She nearly died from the gunshot wound to her head, and the severity of the damage to her brain left the extent of her recovery in question. But it was in a clear and strong voice that betrayed only a hint of her ordeal that Giffords announced her decision, in a video posted on her campaign Web site.
“I don’t remember much from that horrible day, but I will never forget the trust you placed in me to be your voice,” she said, looking directly into the camera. The hair that had been severely cropped after the shooting now framed her face in soft curls. “I have more work to do on my recovery, so to do what is best for Arizona, I will step down this week.”
One last hurrah
Before handing in her resignation to House Speaker John A. Boehner (R-Ohio) and Arizona Gov. Jan Brewer (R), Giffords has some unfinished business. She plans to attend President Obama’s State of the Union address on Tuesday. And she will finish the meeting that was “interrupted,” her staff said in a statement, by gathering with some of the survivors at a private event in Tucson on Monday.
The announcement came as an emotional blow to many of her friends and supporters, who had hoped she would recover enough to run for reelection or even for the Senate. But it was not entirely unexpected.
For months, her devoted staff shouldered the burdens of her office while she underwent multiple surgeries and intensive therapy in Houston, where her husband, astronaut Mark Kelly, lived.

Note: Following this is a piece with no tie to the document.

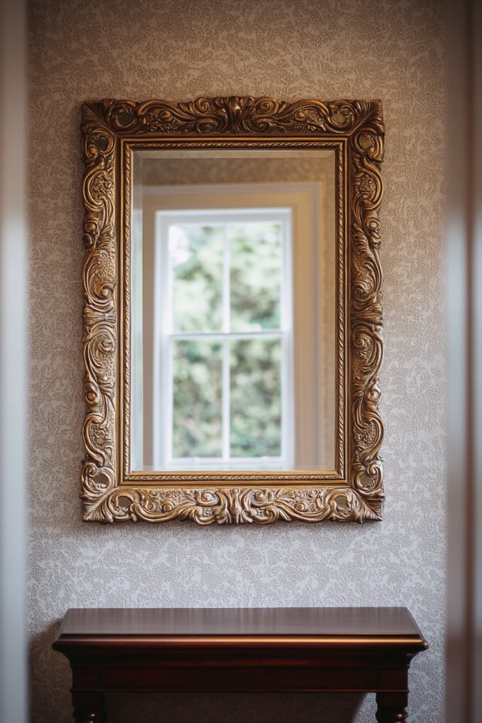 4. Hang a Mirror with a Unique Frame to Enhance Light and Space

Giffords made a remarkable recovery, but with her term ending this year, her constituents wondered whether she would be up to the challenge of running for reelection.
Bill Badger, a retired Army colonel who was injured in the shooting, said he does not begrudge her the decision.
“I fully support her decision to not run again and I understand, because I was shot in the head myself — not as seriously as Gabby — and I know how it changed my priorities and changed my life,” Badger said.
Giffords’s decision means that a special election will be held in the next few months, and despite rumors that her husband might run for her seat, Democratic officials in Washington and Arizona do not expect Kelly or any of Giffords’s top staff members to do so.
Giffords’s southern Arizona district, which is on the Mexican border, is widely considered a swing district, and several candidates of both parties have expressed interest in running for the seat.
In the end, Giffords did what was in her best interests and those of her constituents, said Fred DuVal, a friend and Democratic operative from Phoenix.